Abstract

In the past eight years, beginning with the discovery of leptin, 1 there has been an avalanche of knowledge and a conceptual revolution in understanding the regulation of body fat. Central to this revolution has been the recognition that adipose tissue is a tremendously active and important endocrine and paracrine tissue. In this regard, adipose tissue is to the last decade what the endothelium was to the previous decade—a large tissue previously relatively ignored that was found with a single discovery to be of great interest and importance. See page 961 The interest in leptin focused initially on appetite, metabolism, and adiposity, but there is mounting evidence that leptin participates in sympathetic and arterial pressure regulation and in vascular biology. Leptin increases sympathetic nerve activity2 to thermogenic brown adipose tissue through a central neural action. This is not surprising, but leptin also increases sympathetic activity to the kidney and extremities.2 This sympathoexcitatory action would be expected to increase arterial pressure. Of perhaps greater interest to the readers of this Journal is the mounting evidence that the arterial wall is a target of leptin action.
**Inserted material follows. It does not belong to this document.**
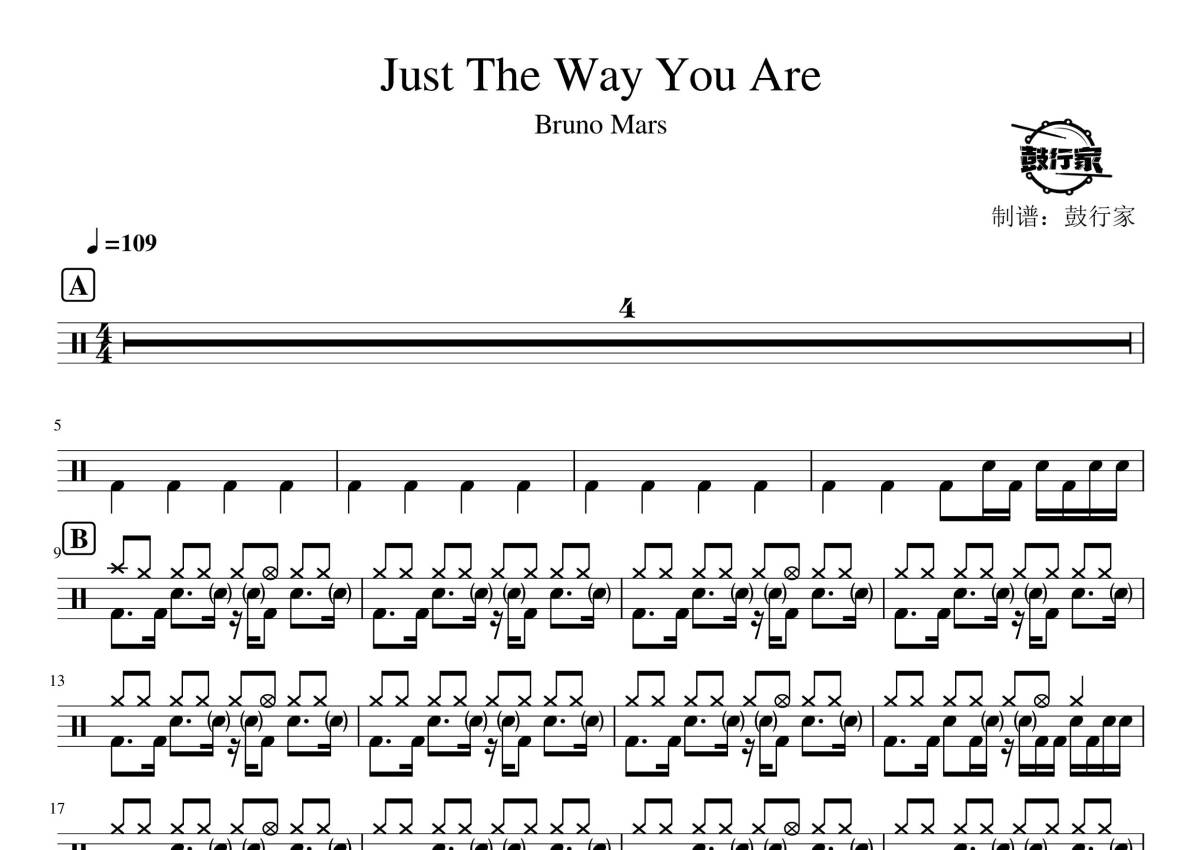 《just the way you are》是Bruno Mars演唱的一首歌曲,拍号为4/4拍,歌曲速度为每分钟109拍,这份鼓谱共有两张高清图谱,图谱由 @鼓行家 编配上传,图谱使用五线谱编配,使用这份just the way you are架子鼓谱,你将能够轻松地敲打出这首Bruno Mars的just the way you are,快来尝试吧。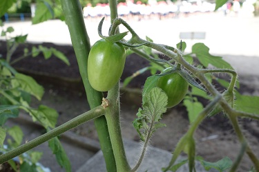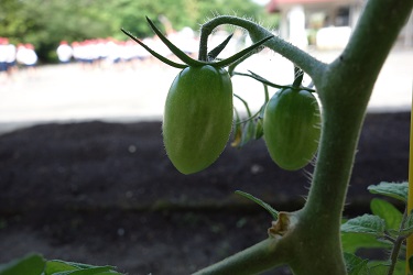 2年生が育てているミニトマトがぐんぐん育っています。実も大きくなってきました。

The signaling form of the leptin receptor was initially said to be expressed only in the hypothalamus, but we now know that it is also expressed in peripheral tissues. For example, the long, signaling form of the leptin receptor is expressed in endothelial cells.3,4⇓ Lembo et al3 and Vecchione et al5 reported that leptin stimulates increases in endothelial NO synthesis. Leptin promotes accumulation of reactive oxygen species in human umbilical vascular endothelial cells (HUVECs).6,7⇓ It upregulates endothelin-1 production in HUVECs.8 It promotes angiogenesis.4,9⇓ And an astonishing finding: Parhami et al10 demonstrated that leptin regulates …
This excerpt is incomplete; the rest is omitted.